Few countries impact the lives of Americans like Mexico does. Mexico is the United States’ largest trading partner, with over $700 billion annually bought and sold between both markets. Beyond that, citizens along both sides of our 2,000-mile-long border pay the steep costs of the organized drug trade.
Yet recently, our neighbors moved to make North America less safe. After promising to maintain security cooperation in exchange for their former Defense Secretary being indicted in the United States for drug trafficking, Mexico’s president enacted a law that will immediately unravel a key tool against organized crime.
U.S. law enforcement officials in Mexico are stripped of their immunity and must report their investigations and activities to numerous Mexican authorities. Mexican officials meeting with U.S. agents must receive permission from an oversight board. Non-compliance with these rules leaves U.S. agents open to administrative and criminal charges in Mexico.

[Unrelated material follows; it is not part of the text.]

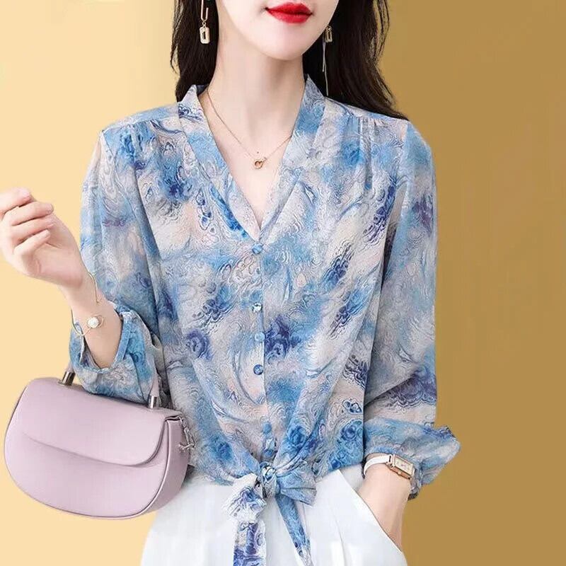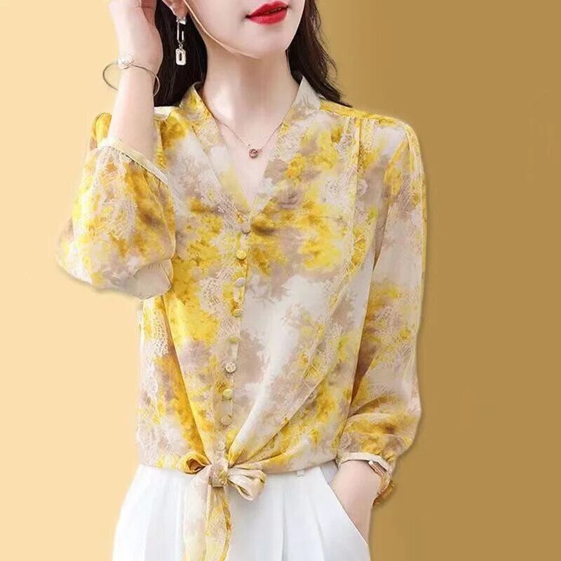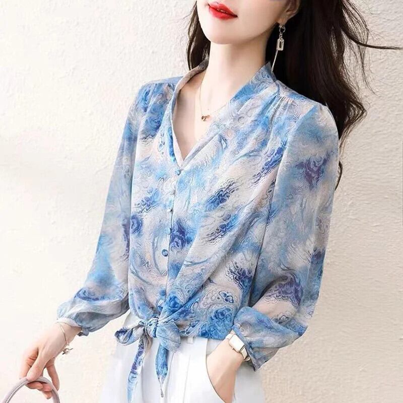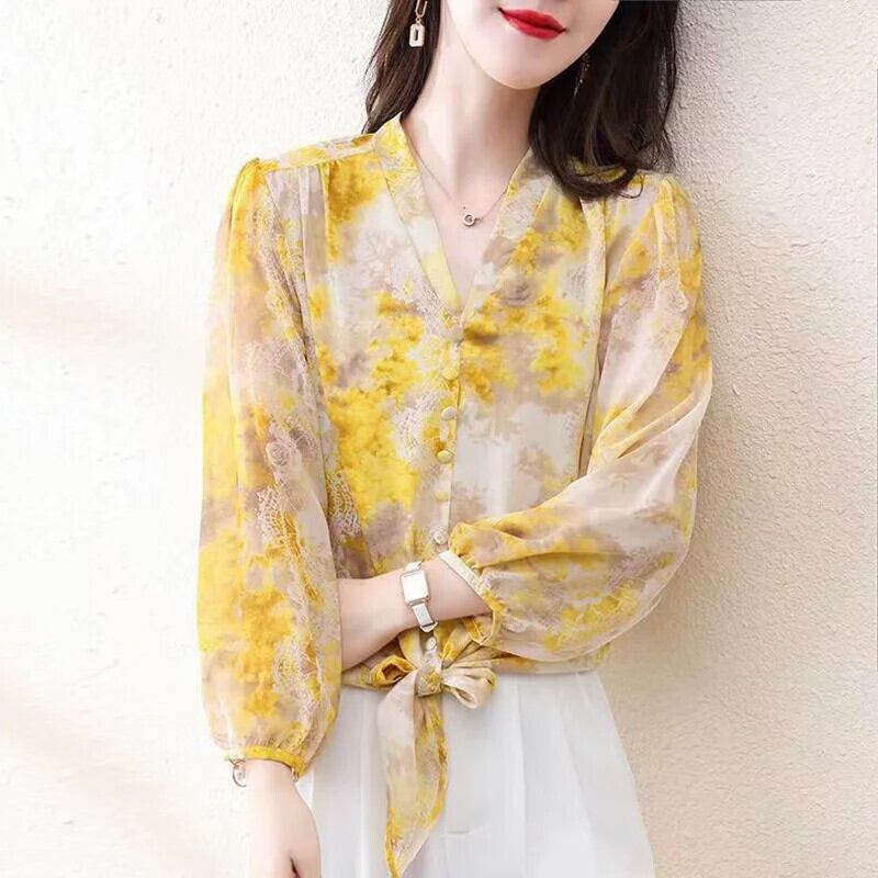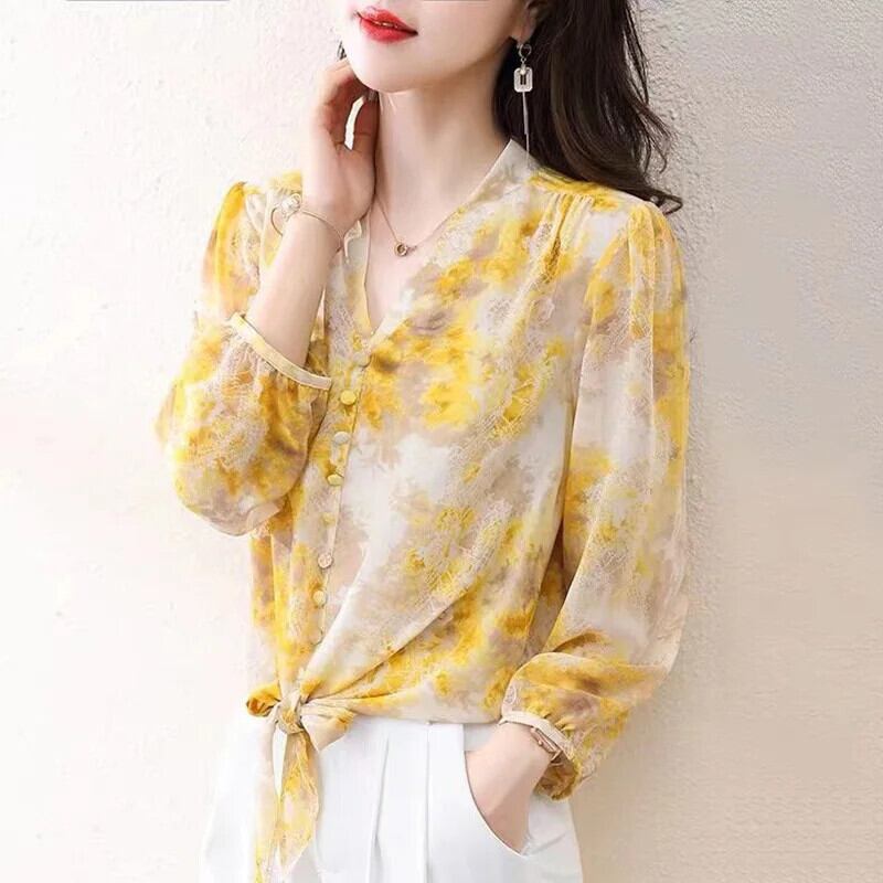 送料無料 V ネックプリントルーズひだ包帯ボウシャツ女性の 2023 秋トップスオフィスレディシフォンブラウス リボン オータム 秋物 Vネック 会社 学校 通勤や通学にも AE128877668277843460

Mexican lawmakers claim these changes flow from a greater need for transparency, but these conditions will jeopardize investigations and the protection of sensitive information. With the politicization of the security agenda, public officials will also become more susceptible to corruption from organized crime. Recent high-profile arrests of Mexican cabinet members highlight how deeply entrenched cartels are within all aspects of the Mexican state.
Our geographic proximity means both countries share serious national security concerns; organized crime is rarely confined within borders. Leaders in both capitols know we need to work together. Yet this security partnership did not evolve overnight. It took time and effort for an increased rapport to develop.
Over the last three decades, cooperation between agencies broadened dramatically after generations of distrust. Expanded collaboration on defense issues, counter-narcotics, and intelligence sharing became a force multiplier in keeping North America safer.
It’s not perfect, no. As with all bilateral relationships, areas of friction and different priorities still exist. Yet both countries worked to keep North America safe.
Flawed conventional wisdom led many to presume Trump’s security-dominated agenda would impede cross-border relations. While Trump’s lack of statesmanship led to tense moments, his forward-leaning approach allowed diplomats to keep unproductive items off the bilateral agenda.
Moreover, it inadvertently created the groundwork for cooperation on traditionally sensitive issues despite initially discouraging signs from then-candidate Andres Manuel Lopez-Obrador. He walked back a mass amnesty for drug traffickers, leniency for illegal Central American migrants and critiques of the USMCA, and Trump. To date, Trump is the only foreign leader Lopez-Obrador has visited outside of Mexico.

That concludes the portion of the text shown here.